The Gran Madre di Dio Church, in Turin, made entirely in Monregalese marble (Photo: Marco Ciannarella/Dreamstime)

Located on the westernmost corner of the country, the region of Piedmont is mostly known for its wines and food. Motherland to internationally known Barolo, Dolcetto, Barbera and Nebbiolo, and of some of Italy’s most delicious cheeses — especially if you like sheep and goat cheese — we often forget it’s also a place of immense natural beauty (hello, Alps and Langhe hills!), great artistic interest (there isn’t quite anything in Italy as elegant as Turin city center, to be honest) and history (this is where unified  Italy was conceived, let’s not forget).

The province of Cuneo, known locally as la Granda,  “the large one,”  because of its extension, is the home of white truffles and offers some of the most picturesque views on the Alps you can imagine. Those idyllic, timeless photos of villages perched on top of rolling hills, with snow-capped mountains embracing the horizon are usually taken here.

Forgive me, if I sound biased when I speak about Piedmont and la Granda, but this is where I was born and where I happily came back, after half a life spent working abroad and traveling around the world: it may be rural and we Cuneesi,  with our sense of discretion, old fashioned manners, and surliness, are a far cry from our friendly, sunny siblings from the South, but we’re not that bad, believe me.  We are just a bunch of benevolent curmudgeons.

When thinking about my region, as I was saying, a lot of things come to mind, but marble quarries are certainly not among them: that’s only in Tuscany, right? Wrong, because marble and stone extraction has been a huge activity in the province of Cuneo since Roman times: let’s face it, where there’s a mountain, there’s some good stone to build with and carve.

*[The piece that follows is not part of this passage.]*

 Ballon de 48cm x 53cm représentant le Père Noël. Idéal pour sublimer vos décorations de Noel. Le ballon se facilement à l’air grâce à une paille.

In particular, it is the Monregalese area,  the southwest part of the province, to be known for the quality and beauty of its marble, which has been used for centuries in architecture not only in Italy but also around Europe and the world.

Pietra di Langa (Photo: Lucagal/Dreamstime)

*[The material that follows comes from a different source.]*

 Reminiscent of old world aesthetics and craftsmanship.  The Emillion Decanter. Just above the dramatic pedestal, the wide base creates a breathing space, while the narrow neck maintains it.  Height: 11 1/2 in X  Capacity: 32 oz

Who would have guessed? Archaeological findings demonstrate that extraction and use of local marble were already common in Roman times. The colored ones — black, red, purple, yellow — became very popular especially during the baroque period, starting in the later decades of the 16th century and all the way to the 17th and 18th.  Vico stone (or pietra di Vico) was widely utilized by architect Ascanio Vitozzi starting around 1590, when he selected it to renovate the citadel in Mondovì, the largest town in the Monregalese area and, then, in 1597 for building and decorating the Santuario di Vicoforte,  dedicated to the Monte Regalis  Virgin, a breathtaking example of early Piedmontese baroque architecture that boasts the largest elliptical cupola in the world and amazing trompe l’oeil frescoes.

During the 17th century, Monregalese marbles made their first appearance in the regional capital — and home to the Savoias, Turin. Yellow marble from Frabosa was used in the churches of  Santa Maria al Monte, Santa Teresa,  San Lorenzo, and, later in the 18th century,  in the Sant’ Umberto Chapel at Venaria Reale Castle, one of the Savoias’ residences part of UNESCO’s world heritage. And it is, indeed, the 18th century to mark the apex of Monregalese marble popularity in art and architecture, especially of its colored variety, such as the persichino of Val Casotto and Val Corsaglia, which seminal baroque architect Filippo Juvarra (1678-1736) used largely in Piedmont — his are, among others,  the basilica of Superga, just above Turin, Palazzo Madama in Turin, Stupinigi palace — and abroad, namely for the Royal Palace of La Granja de San Ildefonso, some 50 miles north of  Madrid. In the same period, other precious marbles from the province of Cuneo, albeit not strictly from the Monregalese area, became famous, including Busca’s alabaster and Valdieri’s bardiglio. However, the most common remained Monregalese Frabosa’s bigio ubiquitously used across the region of Piedmont.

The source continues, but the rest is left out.